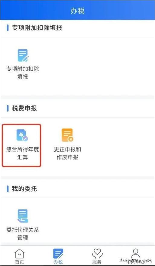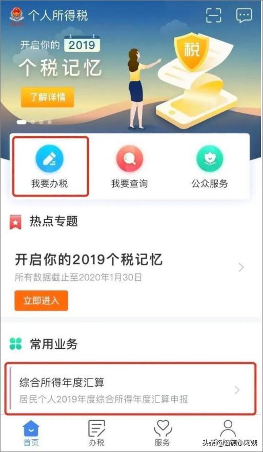 1、下载【个人所得税 APP】,打开APP后,可从以下入口进入年度汇算:
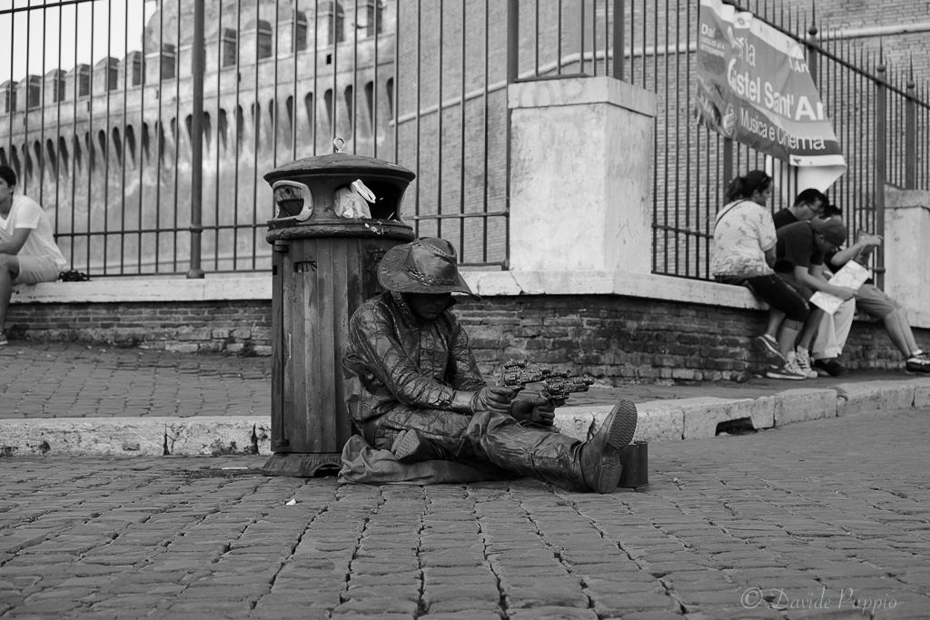La spostiamo in Varie che è la sezione dove sul forum siamo soliti inserire le foto agli artisti di strada, nelle quali non c'è una particolare relazione con il contesto circostante che possa giustificare e sviluppare il carattere street. Per farti un esempio anche semplice e banale, se quella coppia di pistole fosse stata puntata contro un ignaro passante, il contenuto sarebbe stato già diverso.
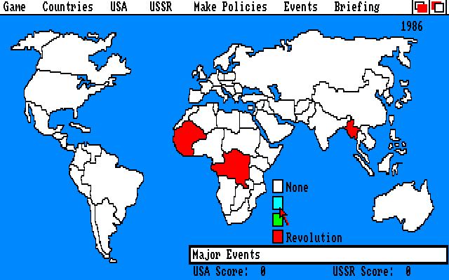 The year is 1986. You take on the role of the US President or the Russian General Secretary. You have the full industrial capacity, covert forces, and military might of your country at your command. Your job? To make your country the world's most powerful and prestigious over the course of your eight years in office. Sounds easy, doesn't it? It would be if the other guy didn't have his finger poised over a red button that could wipe out the world!
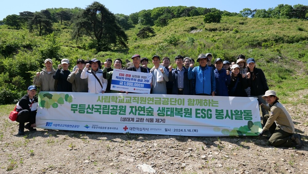 [대학저널 온종림 기자] 사립학교교직원연금공단(사학연금)이 16일 무등산 국립공원 너와나목장 자연숲에서 생태복원 봉사활동에 참여했다.
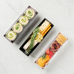 Sturdy paper construction holds the weight of multiple sushi rolls or other meals without bending or breaking. Keep meals securely contained!
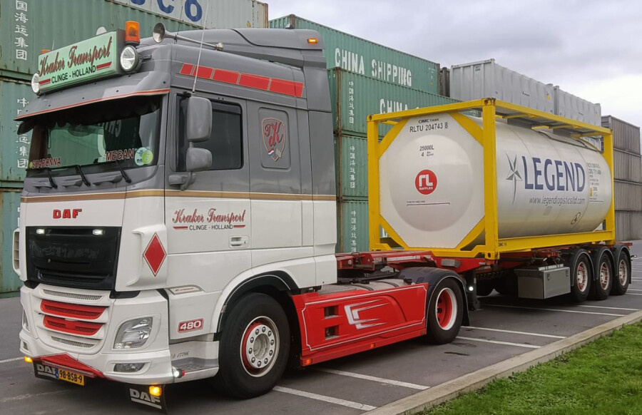 Beoordeel WSI DAF XF Space Cab 4x2 + 3-as container trailer + 30ft. bulkcontainer DE KRAKER
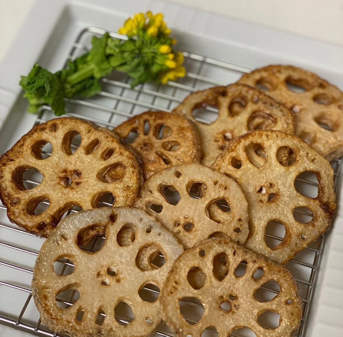 ① れんこんは皮付きのまま(あるいはお好みでむいても)薄めにスライスし、水にサッとさらしてアクを抜く。
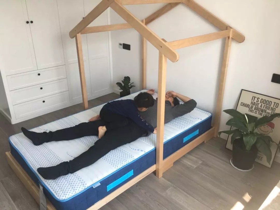 我儿子简直高兴疯了,开始了他的弹跳表演。而我一直在不停的闻闻闻,事实证明都是白担心,一点点刺激性的刺鼻味道都没有,稍微有点属于床垫本身的那种味道可以忽略不计。后来才了解到,这张床垫竟然没有使用过一滴胶水!这是什么神仙黑科技!
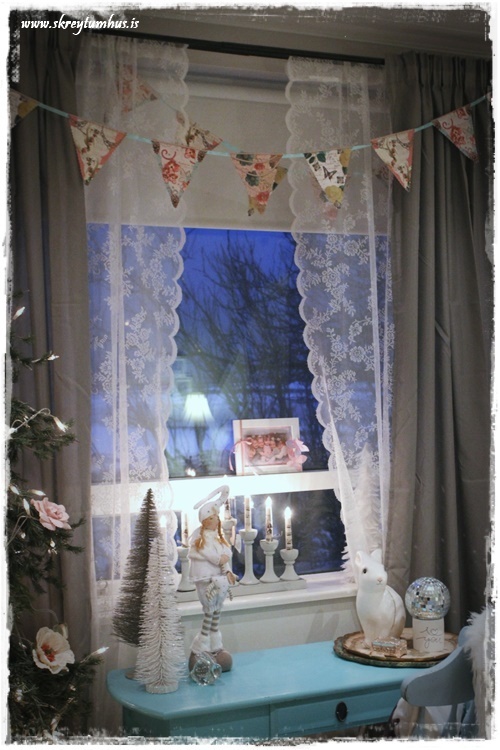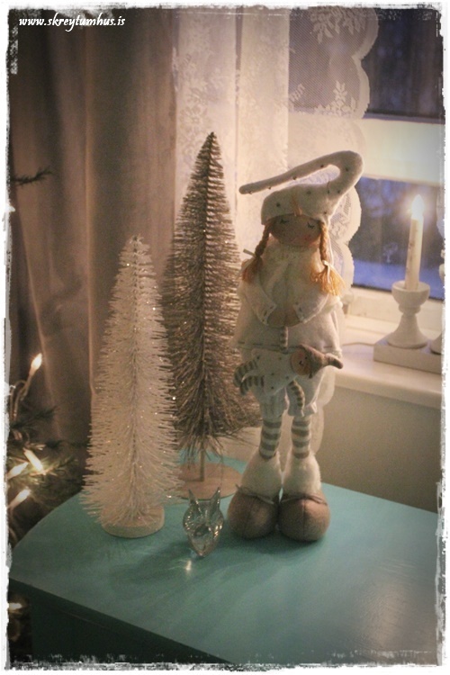 …í glugganum stendur aðventuljósið sem ég bjó til handa henni í fyrra (sjá hér)…
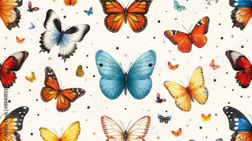 Watercolor Butterflies Seamless Pattern with Polka Dots
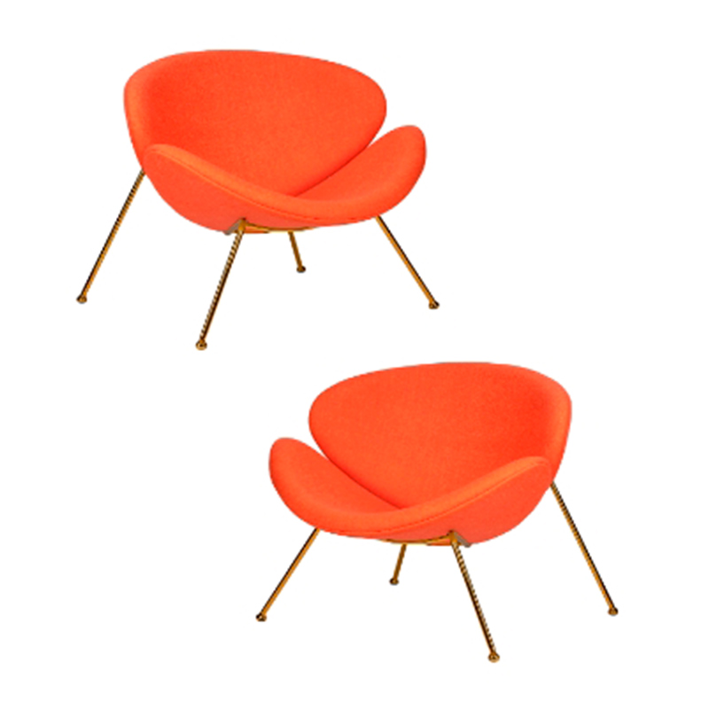 Набор 2 шт Кресло дизайнерское DOBRIN EMILY, оранжевая ткань AF, золотое основание

EXERCISE BRIEF:
A faithful copy of all the data above is required, printed exactly and with no pictures.

YOUR SOLUTION:
 1、下载【个人所得税 APP】,打开APP后,可从以下入口进入年度汇算:
La spostiamo in Varie che è la sezione dove sul forum siamo soliti inserire le foto agli artisti di strada, nelle quali non c'è una particolare relazione con il contesto circostante che possa giustificare e sviluppare il carattere street. Per farti un esempio anche semplice e banale, se quella coppia di pistole fosse stata puntata contro un ignaro passante, il contenuto sarebbe stato già diverso.
 The year is 1986. You take on the role of the US President or the Russian General Secretary. You have the full industrial capacity, covert forces, and military might of your country at your command. Your job? To make your country the world's most powerful and prestigious over the course of your eight years in office. Sounds easy, doesn't it? It would be if the other guy didn't have his finger poised over a red button that could wipe out the world!
 [대학저널 온종림 기자] 사립학교교직원연금공단(사학연금)이 16일 무등산 국립공원 너와나목장 자연숲에서 생태복원 봉사활동에 참여했다.
 Sturdy paper construction holds the weight of multiple sushi rolls or other meals without bending or breaking. Keep meals securely contained!
 Beoordeel WSI DAF XF Space Cab 4x2 + 3-as container trailer + 30ft. bulkcontainer DE KRAKER
 ① れんこんは皮付きのまま(あるいはお好みでむいても)薄めにスライスし、水にサッとさらしてアクを抜く。
 我儿子简直高兴疯了,开始了他的弹跳表演。而我一直在不停的闻闻闻,事实证明都是白担心,一点点刺激性的刺鼻味道都没有,稍微有点属于床垫本身的那种味道可以忽略不计。后来才了解到,这张床垫竟然没有使用过一滴胶水!这是什么神仙黑科技!
 …í glugganum stendur aðventuljósið sem ég bjó til handa henni í fyrra (sjá hér)…
 Watercolor Butterflies Seamless Pattern with Polka Dots
 Набор 2 шт Кресло дизайнерское DOBRIN EMILY, оранжевая ткань AF, золотое основание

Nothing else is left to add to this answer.